▶ _Requirement_: Make an exact copy of the lines from the top of the entries below through the line with "Mount Huangshan Gujie". Leave all pictures out.

### Records for this exercise

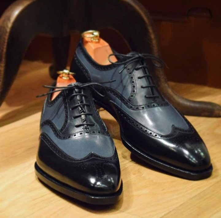 Handmade Men's Lace Up Brogue Shoes, Men's Gray Black Leather Wing Tip Shoes
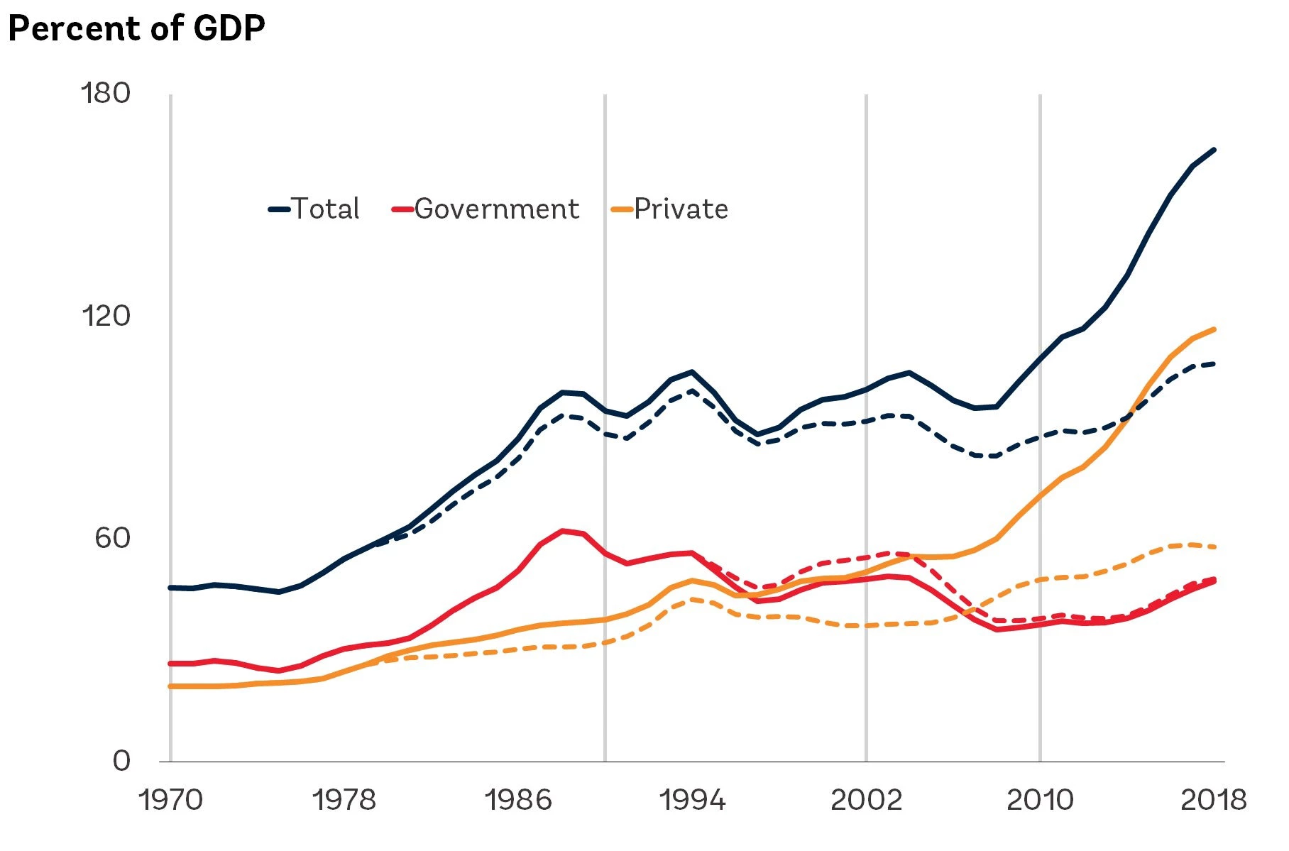 Over the past fifty years, there have been four historical waves of debt accumulation: 1970-89, 1990-2001, 2002-09, and since 2010. The latest wave, which started in 2010, has been the largest, fastest and most broad-based increase of the four.
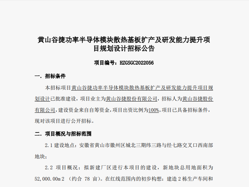 Mount Huangshan Gujie Power Semiconductor Module Heat Dissipation Base Plate Production Expansion and R&D Capacity Improvement Project Planning and Design Bidding Announcement -11.11
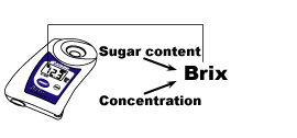 The concentration is generally indicated in percentage. 3. BrixA refractometer measures the concentration percentage and displays this as a value of Brix(%).
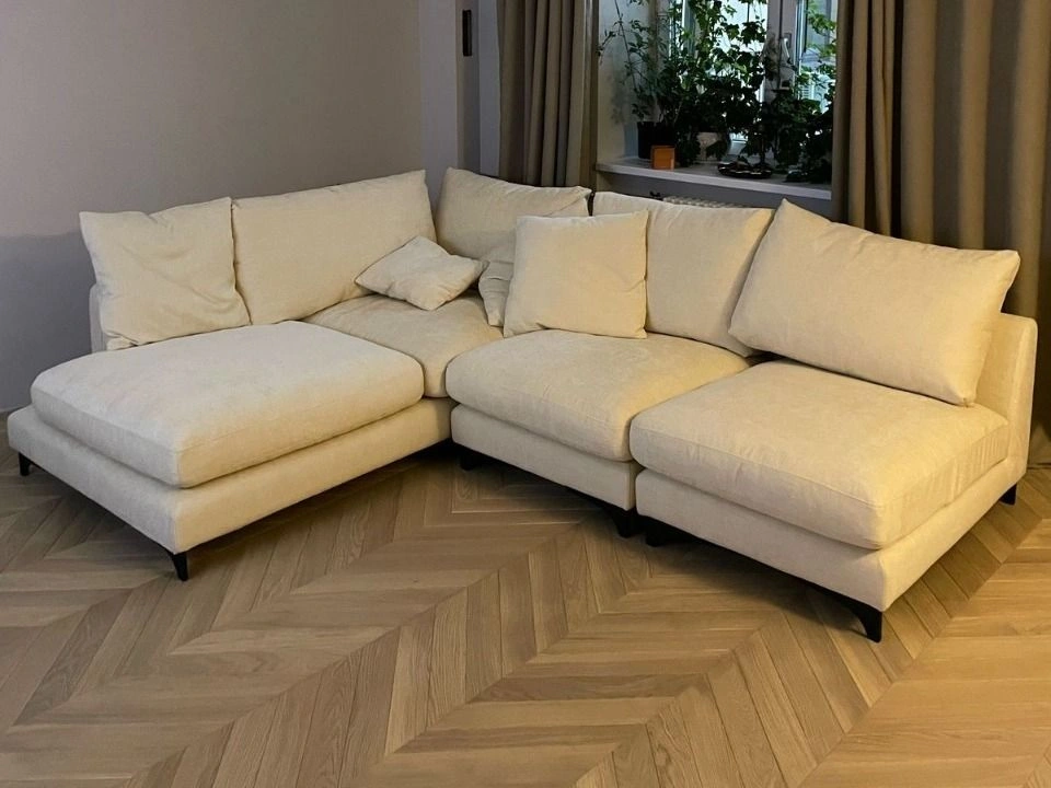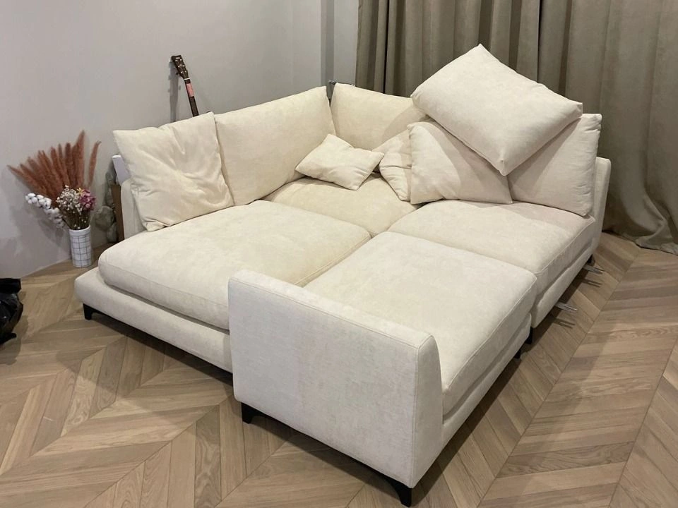 Неоспоримым преимуществом является наличие съемных чехлов. Чехлы снимаются со всех элементов дивана, что позволяет с легкостью производить уход за мебелью, а также дарит возможность заменить чехлы при необходимости.
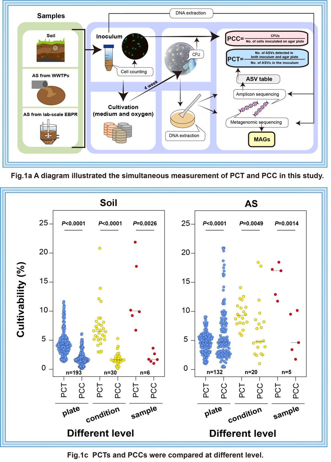 研究针对两类典型环境样本(6个土壤和5个活性污泥样本)中的细菌,采用了简化培养组学方法(不同氧气条件和培养基类型)。基于传统的显微计数和CFU计数测定细胞水平可培养率;通过测序掌握原始样品和平板培养后的细菌类群信息,从而计算分类单元可培养率(图1a)。结果显示,在样品全培养条件,分类单元可培养率远高于细胞水平可培养率(约为2.8-6.0倍)(图1c),这暗示以往测定的细胞水平的可培养率低估了环境细菌的可培养多样性。
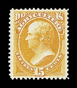 516 og O7 image#O7, 15c Agriculture, an impressive mint example, featuring exceptional centering within uncharacteristically wide and well balanced margins, especially deep luxuriant color, full clean o.g., very lightly hinged, extremely fine and quite desirable thus; 1990 PF certificate. (Image) $350.00
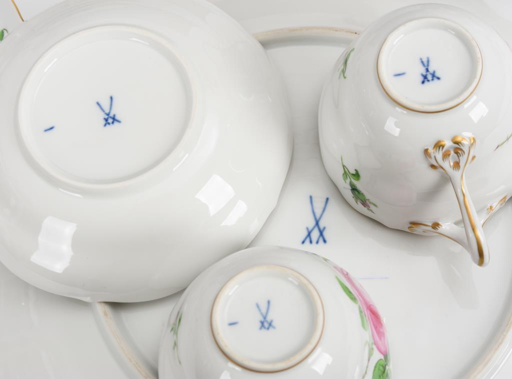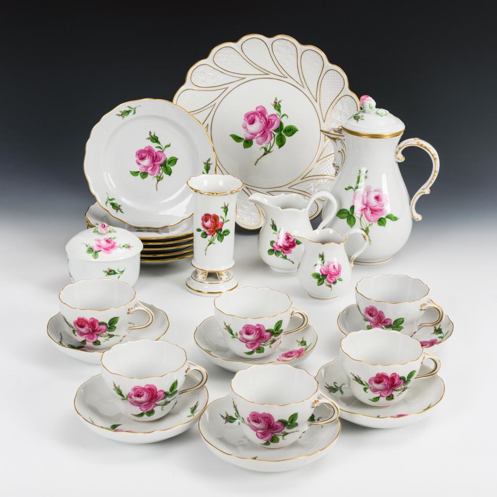 24 Teile. Form "Neuer Ausschnitt". Kaffeekanne (H 23,5 cm), 2 Milchkännchen, Zuckerdose, 6 Kaffeetassen, 6 Untertassen, 6 Kuchenteller, Vase (H 15 cm) und 1 Reliefteller. Rosenknäufe bestoßen.
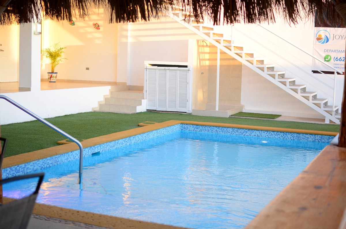 Расположенный в Joyas de Cortez Conjunto, в котором есть 3 другие квартиры (Obsidiana, Jade и Onix), мы предлагаем вам полностью оборудованное жилье для невероятного отдыха. ДОМАШНИЕ ЖИВОТНЫЕ ЗАПРЕЩЕНЫ. В ней достаточно места и приятный декор: -2 спальни, главная двуспальная кровать размера King size и вторые 2 двуспальные кровати -2 ванные комнаты - гостиная с 2 диванами, столовой и оборудованной кухней -2 Netflix SmartTV - стиральная машина и сушка для одежды - Интернет - Терраса с барбекю - Парковка.
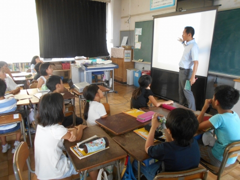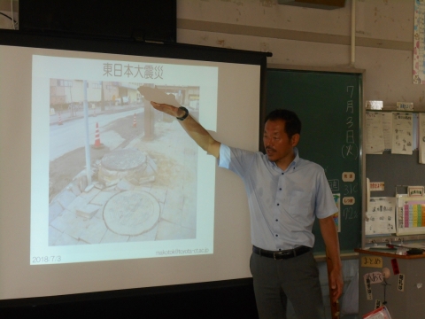 愛西市近郊は、土地が低く、昔から水害の被害に悩まされた土地です。現在は、洪水などの災害はほとんどありませんが、大きな地震が起きた場合、地面の液状化現象が起こる危険性があります。そんな愛西市の状況を踏まえて、豊田高専の小林先生を講師に、4年生の子どもたちが防災に関わる授業に取り組みました。現在の愛西市の土地の様子を教えてもらったり、液状化現象の仕組みをペットボトルの中で再現した地面で確認したりしました。最後に大きな地震が起こったときでも、地域の方たちと協力して避難できるよう、日頃から近所の人とコミュニケーションをとることの大切さを学びました。今日の授業をいつ起こるかわからない災害に、学校でも地域でも生かしてほしいと思います。
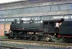 In 1952 LKD merged with CFK to form the Compagnie des Chemins de fer Katanga-Dilolo-Léopoldville (KDL). KDL held the rail network concessions in Katanga, while BCK was the operator.[1] Between 1952 and 1956 the Chemins de Fer des Grands Lacs (CFL) built a 246 kilometres (153 mi) line from Kabalo to Kabongo.[3] In September 1955 the CFL converted from 1,000 mm (3 ft 3+38 in) to 1,067 mm (3 ft 6 in) gauge to match the KDL gauge.[3] The connecting line from Kabongo to Kamina was built by BCK for the KDL.[1]
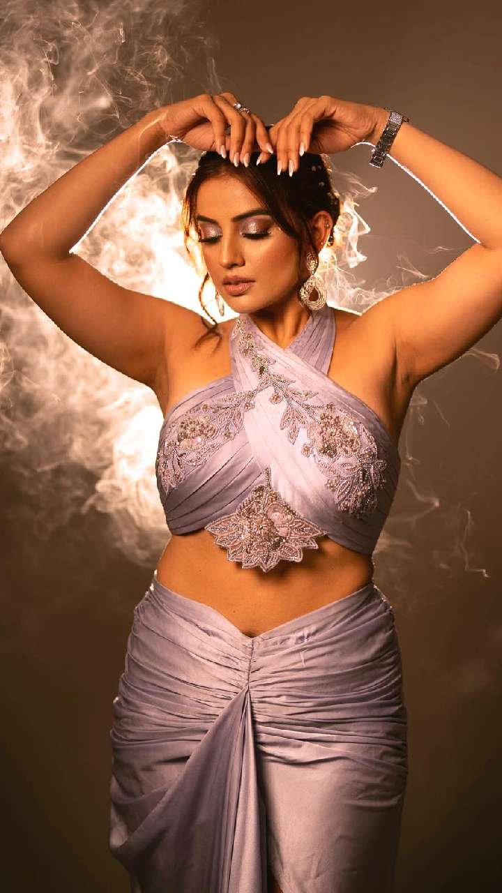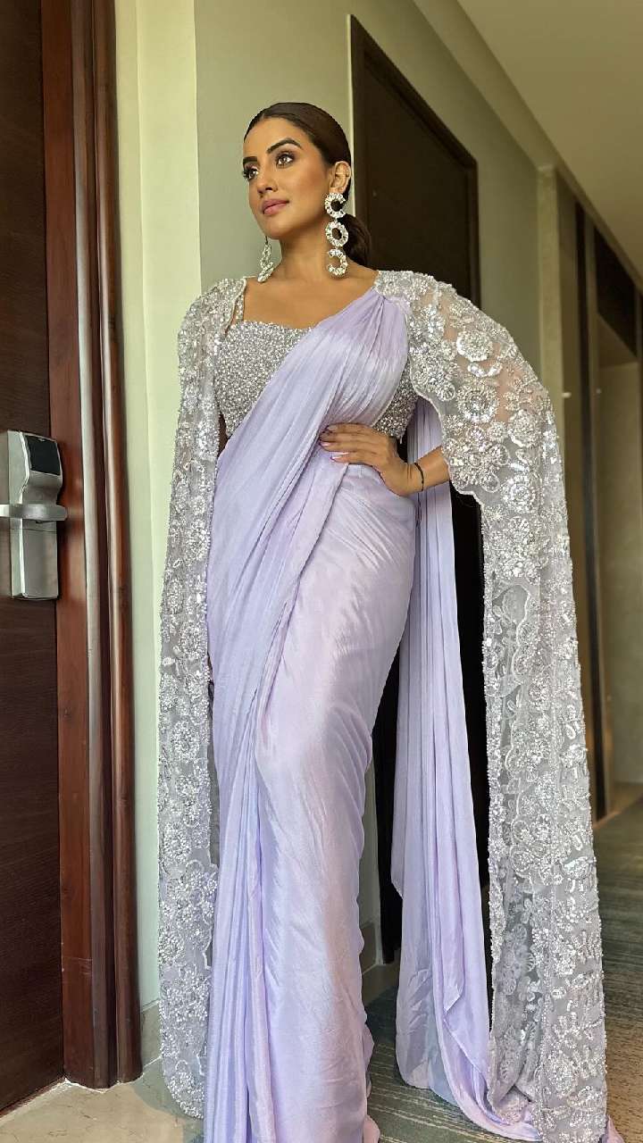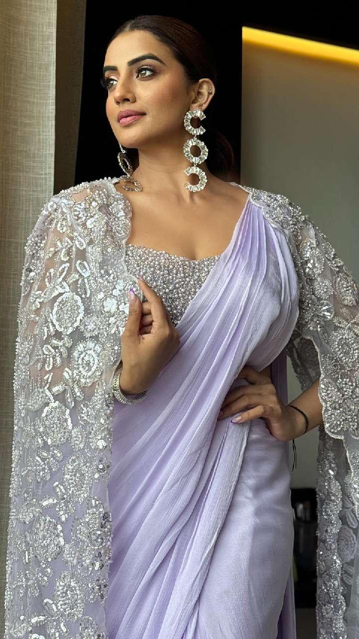 एक्ट्रेस ने हाल में लेवेंडर कलर की प्लेन साटन साड़ी हैवी वर्क सिल्वर ब्लाउज के साथ लांग नेटिड वर्क वाला लांग श्रग कैरी किया हुआ है। जो काफी स्मार्ट लुक दे रहा है।

######

▶ _Exercise result_:
 Handmade Men's Lace Up Brogue Shoes, Men's Gray Black Leather Wing Tip Shoes
 Over the past fifty years, there have been four historical waves of debt accumulation: 1970-89, 1990-2001, 2002-09, and since 2010. The latest wave, which started in 2010, has been the largest, fastest and most broad-based increase of the four.
 Mount Huangshan Gujie Power Semiconductor Module Heat Dissipation Base Plate Production Expansion and R&D Capacity Improvement Project Planning and Design Bidding Announcement -11.11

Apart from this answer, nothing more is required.